In the BED file, each read/fragment can have a weight if they are derived from paired-end data (e.g., probability of the fragment derived from different splice isoforms). Otherwise, each read is assumed to have a weight of 1 during read counting.
Generate the KS matrix
The first step of mRIN analysis is to generate the read coverage profile for each sample and save the output in a bedGraph format.
perl ~/src/mRIN/tag2profile.pl -big -exact -of bedgraph -v sample.bed sample.bedGraph
Alternatively, if gapless in the Quantas pipeline is used to process and combine paired end reads, each read/fragment is assigned a weight, which has to be considered during read counting. This can be done by including the "-weight" option.
perl ~/src/mRIN/tag2profile.pl -big -exact -of bedgraph -v -weight sample.bed sample.bedGraph
The read coverage profile will then be converted into a cumulative profile, from which a KS statistic is derived for each gene
mkdir cdf #we will save them in a separate directory to be organized mkdir ks #we will save them in a separate directory to be organized perl ~/src/mRIN/gen_transcript_cdf.pl -v ~/src/mRIN/genes/refGene.rep.uniq.hg19.bed sample.bedGraph cdf/sample.cdf.bedGraph perl ~/src/mRIN/ks_test_uniform.pl -v cdf/sample.cum.bedGraph ks/sample.ks.txt
The command lines above use representative RefSeq transcripts in human (refGene.rep.uniq.hg19.bed) for an example.
The cumulative read profile at the nucleotide resolution (sample.cdf.bedGraph) can be quite big.

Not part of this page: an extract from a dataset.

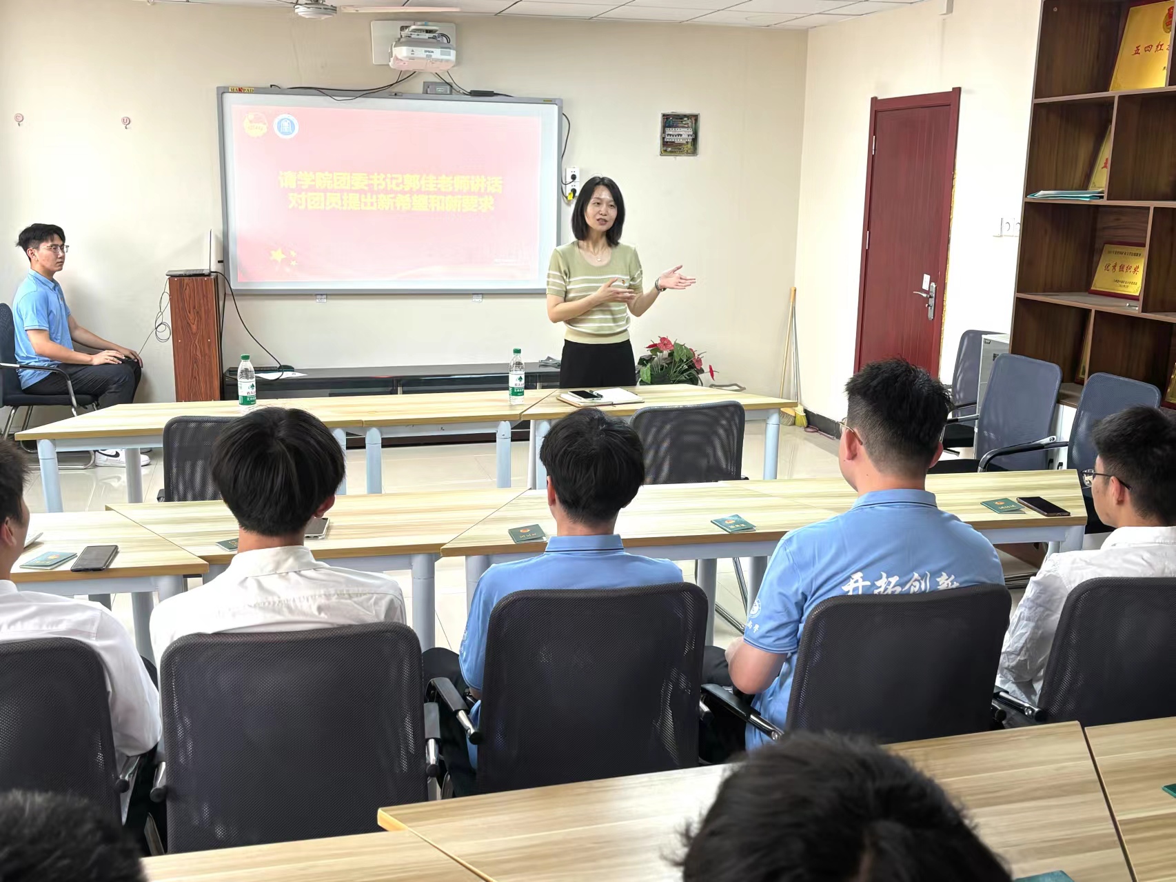 郭佳老师向入团的新团员们表示祝贺并寄语,她说,理想信念是指引青年进步的灯塔,敢于担当是引领青年建功的导航,困难磨砺是成就青年梦想的路径。在基层在一线在祖国发展的各条战线,都是青年学子将个人理想融入党和国家发展、民族复兴伟业中的缩影。青年学生生逢其时,要珍惜在校学习时光,充分发挥团员青年的先进作用,以实际行动践行入团誓言,贡献青春力量。

Alternatively, the two command lines can be combined into one line, so that one does not need to store the cumulative read profile for the sake of space.
perl ~/src/mRIN/gen_transcript_cdf.pl -v ~/src/mRIN/refGene.rep.uniq.bed sample.bedGraph - | perl ~/src/mRIN/ks_test_uniform.pl -v - ks/sample.ks.txt
After the ks statistics are generated for all files under the ks folder, one needs to create a configuration file, which has two columns separated by tab, with the file name in the first column and the sample name in the second column.
#an example like this sample1.ks.txt<tab>sample1 sample2.ks.txt<tab>sample2 ...
The following script will combine the KS statistics for individual samples into a KS matrix:
perl ~/src/mRIN/gen_ks_matrix.pl -v -base ./ks --min-avg-cov 2 -v all_samples.conf all_samples.KS.mat.txt
Note the option --min-avg-cov specifies the minimal average read coverage required to calculate the KS statistics. For genes/samples below the threshold, a missing value will be assigned.
Estimate sample mRIN and statistical significance
This step is processed by a R script, which depends on R and Rlibrary getopt. For mRIN calculation, you can run
Rscript ~/src/mRIN/cal_mrin.R -k all_samples.KS.mat.txt -m out.mRIN.txt -G out.GIS.txt -v
In the command line above, out.mRIN.txt and out.GIS.txt are the sample mRINs including corresponding z-score and p-value and GIS scores, respectively. If you would like to perform additional filtering based on gene expression values, the gene RPKM values can be provided. An example is shown in the following command.
Rscript ~/src/mRIN/cal_mrin.R -k all_samples.KS.mat.txt -x all_samples.RPKM.mat.txt -r 2 -s 0.05 -e 0.5 -b -m out.mRIN.txt -G out.GIS.txt -v
Note the option -r(gene RPKM cutoff) must be set if option -x(gene expression matrix) is set. With this command, we removed 5% of genes with smallest standard deviation of KS statistic with option -s. Genes with strong 5' bias were removed with option -b. Genes with RPKM > 2 and with mKS esimated in > 50% of the samples were kept to calculate mRIN with option -r and -e.
These parameters can be adjusted for specific datasets although in practice, we found the the results are quite robust.